Given:
Points on the line (5,2) and (-3,-2)
The slope-interept form of an equation is written as
[tex]\begin{gathered} y=mx+b \\ \text{where} \\ m\text{ is the slope of the line} \\ b\text{ is the y-intercept} \end{gathered}[/tex]
Solve first for the slope
[tex]\begin{gathered} m=\frac{y_2-y_1}{x_2-x_1} \\ \text{where} \\ (x_1,y_1)\text{ and }(x_2,y_2)\text{ are the points in the line} \\ \\ (x_1,y_1)=(5,2) \\ (x_2,y_2)=(-3,-2) \\ \\ \text{Substitute and the slope is} \\ m=\frac{y_2-y_1}{x_2-x_1} \\ m=\frac{-2-2}{-3-5} \\ m=\frac{-4}{-8} \\ m=\frac{1}{2} \\ \\ \text{The slope of the line is }\frac{1}{2} \end{gathered}[/tex]
Now that we have solved for the slope, use any of the two points to solve for the y-intercept. For this case, we will use (5,2) but using (-3,-2) will work just as well.

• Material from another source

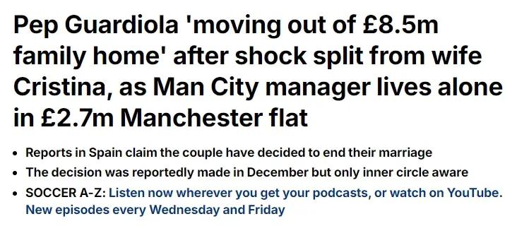到了 2016 年,命运的齿轮再次转动,瓜迪奥拉接到了来自曼城的邀约,开启了他在英超赛场的执教生涯。于是,他们又举家搬迁至英格兰。然而,生活的轨迹并非总是一帆风顺。2019 年,一个转折点悄然来临,克里斯蒂娜带着女儿瓦伦蒂娜回到了巴塞罗那。对于这一决定,外界猜测纷纷,但可以确定的是,从那时起,瓜迪奥拉与克里斯蒂娜便开始了长达 5 年的分居生活。在这 5 年里,克里斯蒂娜时常往返于英国和西班牙之间,一边要照顾女儿在巴塞罗那的生活,一边又要维系与远在曼市的瓜迪奥拉之间的情感纽带。但距离和生活的差异,还是逐渐消磨了他们之间的感情。据《每日邮报》的深入报道,瓜迪奥拉与克里斯蒂娜实际上在去年 12 月就已经秘密办理了离婚手续。这个消息在当时被严格保密,只有极少数亲近的人知晓。这一秘密的离婚过程,也让外界对他们的感情状况充满了好奇与猜测。离婚后的瓜迪奥拉,在生活上也发生了巨大的变化。作为英超年薪最高的主帅,瓜迪奥拉在巴塞罗那和曼彻斯特这两座城市都购置了房产。如今,他从巴塞罗那那座价值千万欧元的豪宅中搬出后,未来回巴塞罗那的落脚点成了一个未知数。而目前,他居住在曼彻斯特市中心的 Deansgate CitySuites 的一套公寓里。这套公寓所在的大楼十分气派,足足有 16 层高,楼内共有 237 套精心设计的一居室和二居室。公寓价值 320 万欧元,虽不及巴塞罗那的豪宅那般奢华,但也处处透露着精致与舒适。瓜迪奥拉选择在这里开启他的独居生活,似乎也在暗示着他想要与过去的生活做一个彻底的告别,全身心地投入到他所热爱的足球事业中。
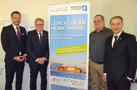Etihad Regional ab PADPaderborn. 29. März 2016 – Die Fluggesellschaft Etihad Regional verbindet den Paderborn – Lippstadt Airport ab Juli 2016 mit der Hafenstadt Venedig. Damit besteht erstmals ein direkter Anschluss vom Heimathafen an die italienische Lagunenstadt. Das neue Angebot ist für Kreuzfahrttouristen attraktiv, denn Venedig ist Ausgangspunkt zahlreicher Kreuzfahrten in das Mittelmeer und sogar nach Südafrika. Venedig ist das erste italienische Ziel ab Paderborn – Lippstadt.

[tex]\begin{gathered} y=mx+b \\ \text{Substitute} \\ m=\frac{1}{2},x=5,\text{ and }y=2 \\ \\ y=mx+b \\ 2=(\frac{1}{2})(5)+b \\ 2=\frac{5}{2}+b \\ 2-\frac{5}{2}=b \\ \frac{4}{2}-\frac{5}{2}=b \\ b=-\frac{1}{2} \end{gathered}[/tex]
Putting it together, with m = 1/2 and b = -1/2, the equation of the line is
[tex]y=\frac{1}{2}x-\frac{1}{2}[/tex]